Stehbens WE. Department of Pathology and Molecular Medicine,
Wellington School of Medicine, Wellington, New Zealand.
Early development of the hypercholesterolemic/lipid hypothesis
of atherosclerosis was based on false premises including fallacious
national mortality rates and misrepresentation of the vascular lesions
in cholesterol-overfed animals and monogenic hypercholesterolemias
(MH). Nonspecific coronary heart disease (CHD) was inappropriately
used as a surrogate of atherosclerosis, unmeasured and unseen. Causality
was assumed and implied by classifying statistical correlates of
CHD as atherogenic risk factors. These faults were compounded by
methodological errors, pooling of all causes of CHD, a large clinical
diagnostic error, biased age selection of cohorts leading to confounding
by age and MH, and emphasis on population and cohort mean values
which conceal heterogeneity within cohorts and are inapplicable
to individuals.

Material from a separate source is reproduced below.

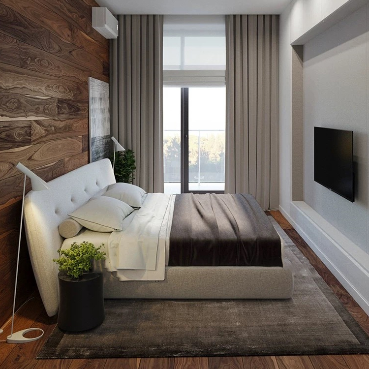 This contemporary bedroom features a modern bed with a generously wide headboard, crafted from soft and cozy fabric. The bed stands prominently in the middle of the room, dressed in a gray bed sheet and paired with a brown blanket for added warmth. The large gray headboard, with its ample padding, not only offers support but also adds a sense of coziness to the bed. Next to the bedhead, a sleek bedside table hosts a minimalist lamp, providing a soft, ambient glow. A book resting open beside the lamp suggests a relaxing reading session. A small black side table is positioned on the opposite side of the bed, also adorned with a tasteful lamp. At the foot of the bed, a circular rug in a coordinating hue sits neatly, grounding the bed and complementing the overall color palette. A large window in the background, with its curtains partially drawn, allows natural light to filter into the room, creating a bright and airy ambiance. Overall, t…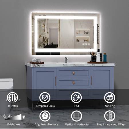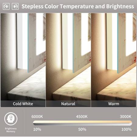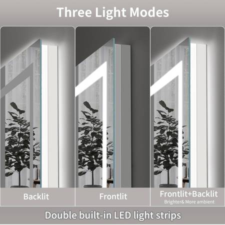 SHUAFA LED Mirror for Bathroom, 40x24 Inch Backlit + Front Lighted Bathroom Mirror with Lights, High-Density Double Light Strips, 3 Colors, Shatter-Proof, Anti-Fog and Brightness Memory

Overzealous investigators neglected to review the
premises and relevant pathology on which the hypothesis was based
or to reconcile valid criticisms, inconsistencies, and invalidation
of CHD epidemiology by pathological, experimental, and iatrogenic
evidence. Statistical data, pertaining to CHD but with no scientific
applicability to atherosclerosis, progressively imparted to readers
a misleading perception of the relationship of serum cholesterol
to CHD. Concurrently the statistical serum cholesterol range was
unjustifiably abandoned. The evidence establishes that the lipid
hypothesis of atherosclerosis lacks scientific basis.